Peters
- Company type: Private
- Industry: Bakery
- Founded: 1966
- Defunct: 2012
- Headquarters: Durham, United Kingdom
- Number of locations: 71
- Key people: Peter Knowles (Chairman)
- Number of employees: 580

= Peters (bakery) =

Former British bakery chain

Peters was a British bakery chain. The business entered into administration in 2012 and the business was acquired by Cooplands of Scarborough.

==History==
Peter Knowles (born c.1943) was born and raised in County Durham. He trained and worked as a baker in Leeds and London, but returned home to establish a bakery business at Belmont in 1966. A second shop was opened shortly afterwards in Durham city centre. Shops were opened in Teesside and North Tyneside in the mid-1980s.

A rival bakery chain, Harrison's of Spennymoor, with 29 branches, was acquired in the mid-1990s. Following the acquisition Peter's controlled around 70 shops, from Ashington in Northumberland to Northallerton in North Yorkshire.

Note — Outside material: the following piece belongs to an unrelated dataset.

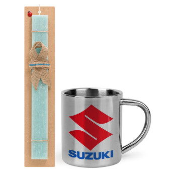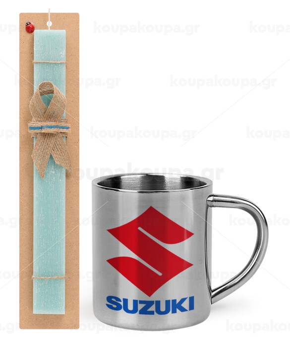 SUZUKI, Easter Set, metallic thermal cup (300ml) & aromatic flat Easter candle (30cm) (TURQUOISE)
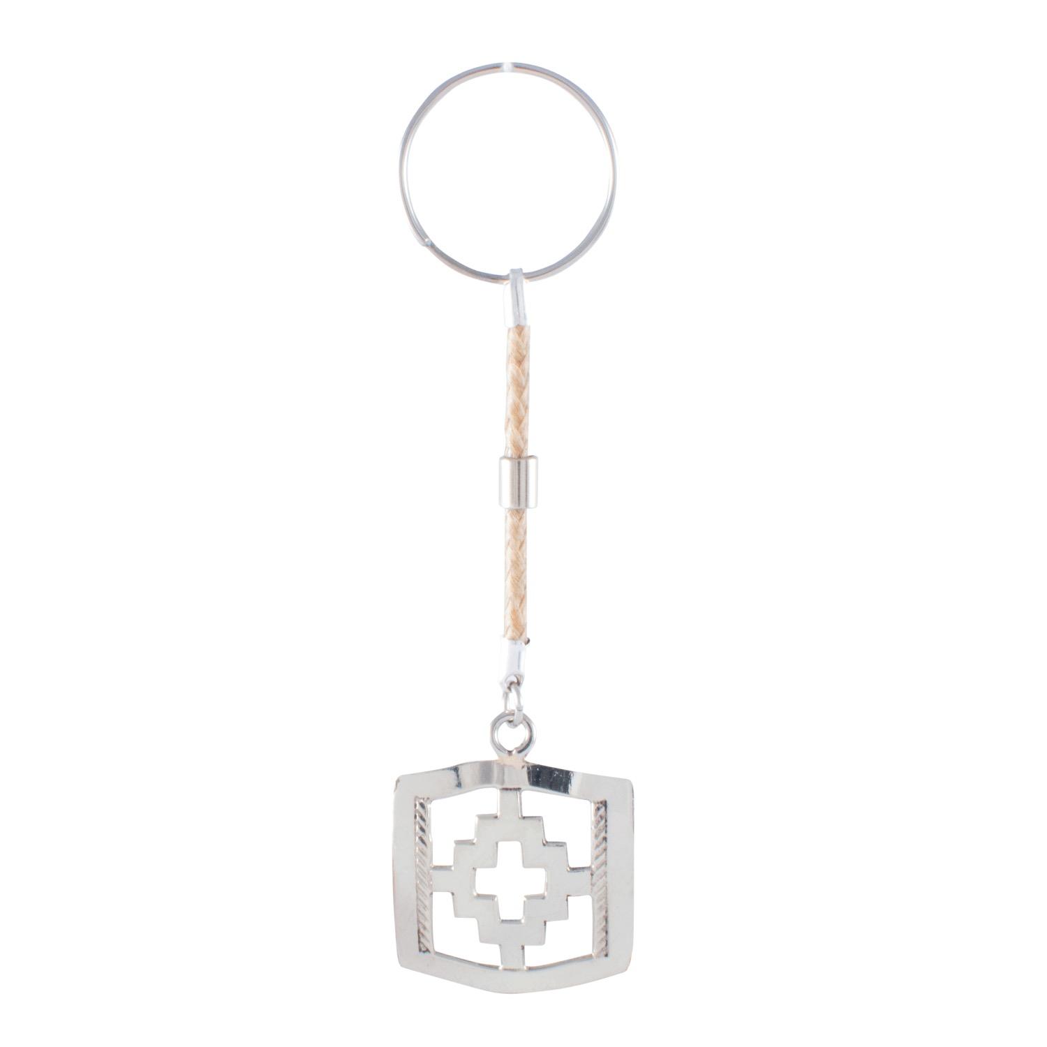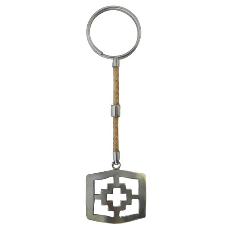 Llavero De Cuero Crudo Trenzado Con Detalles y Dije En Alpaca

In 2003 its production plant at Durham was destroyed in a large fire forcing production to move to temporary accommodation in Peterlee until September 2005 when a new £9 million facility was opened on the same site.

Peters Bakery entered into administration in 2012. The business was acquired by Coopland and Son of Scarborough, who retained 22 stores and closed 34.